• **Task directions**
Using the data beneath this instruction, retype only the lines from the one that contains "강력한 엔진 소리를 내며" down to the one that contains "Blusa Crop en", both included, exactly as they appear.

• **Supplied records**
※
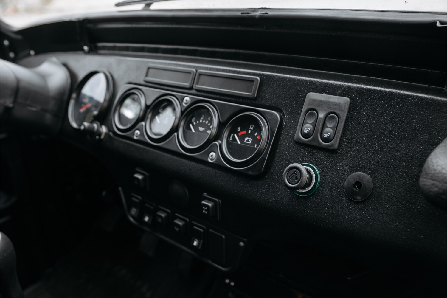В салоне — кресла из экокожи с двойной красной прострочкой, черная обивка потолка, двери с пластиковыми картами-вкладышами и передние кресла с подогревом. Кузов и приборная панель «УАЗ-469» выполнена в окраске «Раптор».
※
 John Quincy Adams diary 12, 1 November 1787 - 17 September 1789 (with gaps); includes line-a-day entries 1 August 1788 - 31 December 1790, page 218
※
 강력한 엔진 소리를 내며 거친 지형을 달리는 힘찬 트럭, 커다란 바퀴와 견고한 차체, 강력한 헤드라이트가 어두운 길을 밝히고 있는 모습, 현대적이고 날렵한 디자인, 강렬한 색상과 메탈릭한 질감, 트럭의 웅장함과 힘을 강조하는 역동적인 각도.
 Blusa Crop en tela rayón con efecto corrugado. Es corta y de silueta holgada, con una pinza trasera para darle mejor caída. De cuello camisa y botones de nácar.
※
• **Task answer**
 강력한 엔진 소리를 내며 거친 지형을 달리는 힘찬 트럭, 커다란 바퀴와 견고한 차체, 강력한 헤드라이트가 어두운 길을 밝히고 있는 모습, 현대적이고 날렵한 디자인, 강렬한 색상과 메탈릭한 질감, 트럭의 웅장함과 힘을 강조하는 역동적인 각도.
 Blusa Crop en tela rayón con efecto corrugado. Es corta y de silueta holgada, con una pinza trasera para darle mejor caída. De cuello camisa y botones de nácar.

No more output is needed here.